Luego, el frío golpeó a Vhenlar, amargo, punzante, pero no con fuerza suficiente para inmovilizarlo. Al contrario, fue como una bofetada en pleno rostro y pareció sacarlo de su estupor. Supuso que el aliento de dragón se había agotado en el acto de congelar a los desafortunados exploradores, pero aun así, no pretendía quedarse a ver si el monstruo era capaz de repetir el truco.

—¡Corred! —chilló, y puso en movimiento con toda la rapidez que fue capaz de reunir sus entumecidos miembros.

La autoridad de Bunlap no fue necesaria en esta ocasión. Los hombres siguieron las órdenes de Vhenlar sin pausa ni preguntas. Mientras avanzaban a la carrera por la fronda, sus zancadas hacían crujir el hielo bajo sus pies y en el aire flotaba un suave y mortífero aroma a menta.

10

Desde la empalizada de su fortaleza, Bunlap disfrutaba de una vista estupenda sobre Tethyr y su variopinto paisaje. Por el este, despuntaban los encumbrados picos de las montañas Espiral de las Estrellas, que incluso a principios de verano se veían cubiertos de nieve.

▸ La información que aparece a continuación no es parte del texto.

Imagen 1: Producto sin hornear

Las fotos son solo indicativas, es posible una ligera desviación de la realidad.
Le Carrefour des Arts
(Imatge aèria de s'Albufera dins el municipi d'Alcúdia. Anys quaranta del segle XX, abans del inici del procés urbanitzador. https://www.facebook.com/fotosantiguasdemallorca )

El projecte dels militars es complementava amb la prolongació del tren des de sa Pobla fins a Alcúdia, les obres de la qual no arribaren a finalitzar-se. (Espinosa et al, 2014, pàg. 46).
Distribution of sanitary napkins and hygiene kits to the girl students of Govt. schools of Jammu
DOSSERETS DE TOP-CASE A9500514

Por el oeste, se desplegaban ondulantes colinas y justo por el norte, la súbita y densa línea de árboles que bordeaba el extremo meridional del bosque de Tethir.

Una repentina ráfaga de aire le sacudió el cabello negro y arremolinó la capa que llevaba. Bunlap se agarró los faldones que flotaban y se enrolló la tela alrededor del cuerpo; luego cruzó los brazos para mantener la capa sujeta. Las mañanas eran frías, incluso en esa época del año, porque los vientos soplaban por el oeste directamente desde la Espiral de las Estrellas, al igual que las frías aguas que discurrían por el río que había a sus pies... La mayoría lo llamaba el ramal norte, pero a Bunlap le gustaba pensar en él como en «su» río.

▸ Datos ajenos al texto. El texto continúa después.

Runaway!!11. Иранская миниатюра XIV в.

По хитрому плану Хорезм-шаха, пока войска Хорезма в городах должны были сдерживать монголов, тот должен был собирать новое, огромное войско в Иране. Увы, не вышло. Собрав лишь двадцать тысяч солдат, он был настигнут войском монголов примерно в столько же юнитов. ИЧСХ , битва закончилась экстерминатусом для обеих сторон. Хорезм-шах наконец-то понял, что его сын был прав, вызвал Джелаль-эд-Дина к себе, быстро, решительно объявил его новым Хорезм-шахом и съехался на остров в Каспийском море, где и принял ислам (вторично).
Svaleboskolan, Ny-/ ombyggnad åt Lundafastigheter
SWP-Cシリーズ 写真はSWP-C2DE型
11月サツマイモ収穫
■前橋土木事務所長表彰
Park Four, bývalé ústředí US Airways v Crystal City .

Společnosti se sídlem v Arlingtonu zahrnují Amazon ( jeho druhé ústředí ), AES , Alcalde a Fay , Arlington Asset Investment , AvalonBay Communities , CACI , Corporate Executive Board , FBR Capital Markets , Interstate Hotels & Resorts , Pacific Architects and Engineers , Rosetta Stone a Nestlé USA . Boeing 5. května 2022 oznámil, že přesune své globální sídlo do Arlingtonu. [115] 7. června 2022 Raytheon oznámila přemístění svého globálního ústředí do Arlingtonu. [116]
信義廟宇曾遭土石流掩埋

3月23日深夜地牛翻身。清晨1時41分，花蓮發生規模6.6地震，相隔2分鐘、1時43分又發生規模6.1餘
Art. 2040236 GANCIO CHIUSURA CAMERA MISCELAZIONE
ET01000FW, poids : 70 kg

Situado como estaba en un risco desde el que se dominaba la llanura donde convergían en una sola corriente una docena o más de riachuelos, podía exigir un arancel de todos aquellos granjeros y tramperos que navegaban por los afluentes para llevar sus mercancías hasta el río Sulduskoon y, de allí, hasta Espolón de Zazes.

A Bunlap le divertía que sus exigencias nunca fueran discutidas. La gente de Tethyr estaba más que acostumbrada a pagar aranceles y tributos y cuantiosos sobornos continuamente, porque los nobles insignificantes crecían como conejos por aquellas tierras. Ni un solo viajante discutía el derecho de Bunlap de hacerles pagar por la carga porque el hombre mantenía aquella fortaleza y un ejército de mercenarios, y eso, a los ojos de los tethyrianos, le confería nobleza.

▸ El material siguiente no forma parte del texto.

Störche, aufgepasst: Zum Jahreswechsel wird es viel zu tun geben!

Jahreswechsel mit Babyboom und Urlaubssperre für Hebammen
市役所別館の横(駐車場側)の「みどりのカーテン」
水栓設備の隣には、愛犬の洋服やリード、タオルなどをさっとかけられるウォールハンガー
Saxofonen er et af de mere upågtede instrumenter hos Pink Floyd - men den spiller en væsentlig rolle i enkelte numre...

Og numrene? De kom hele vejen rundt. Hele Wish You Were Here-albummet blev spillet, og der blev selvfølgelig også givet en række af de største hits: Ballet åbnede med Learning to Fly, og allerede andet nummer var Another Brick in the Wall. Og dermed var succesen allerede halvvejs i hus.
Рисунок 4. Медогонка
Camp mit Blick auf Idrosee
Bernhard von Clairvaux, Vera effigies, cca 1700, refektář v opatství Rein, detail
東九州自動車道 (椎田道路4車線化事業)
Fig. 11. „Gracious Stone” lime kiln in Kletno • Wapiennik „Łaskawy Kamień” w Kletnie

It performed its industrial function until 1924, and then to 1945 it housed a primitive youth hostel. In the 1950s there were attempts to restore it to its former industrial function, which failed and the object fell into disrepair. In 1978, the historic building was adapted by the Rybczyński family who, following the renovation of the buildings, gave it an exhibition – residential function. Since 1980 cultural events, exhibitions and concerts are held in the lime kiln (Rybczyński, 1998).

—Barón Bunlap —dijo en voz alta, y una maliciosa sonrisa le curvó los labios al pensar en la ironía de todo el asunto. No existía hombre en el mundo cuyo nacimiento fuera más bajo que el suyo, pero ¿qué importancia tenía eso en Tethyr? En los años sucesivos a su partida del Fuerte Tenebroso, el antiguo soldado zhentarim había amasado más tierra, riqueza y poder del que poseían la mayoría de los nobles cormytos. ¡Por la sangre de Bane, cómo adoraba aquel país!

—¡Una embarcación con doble vela aproximándose! —gritó uno de los hombres desde el puesto de vigía del sur.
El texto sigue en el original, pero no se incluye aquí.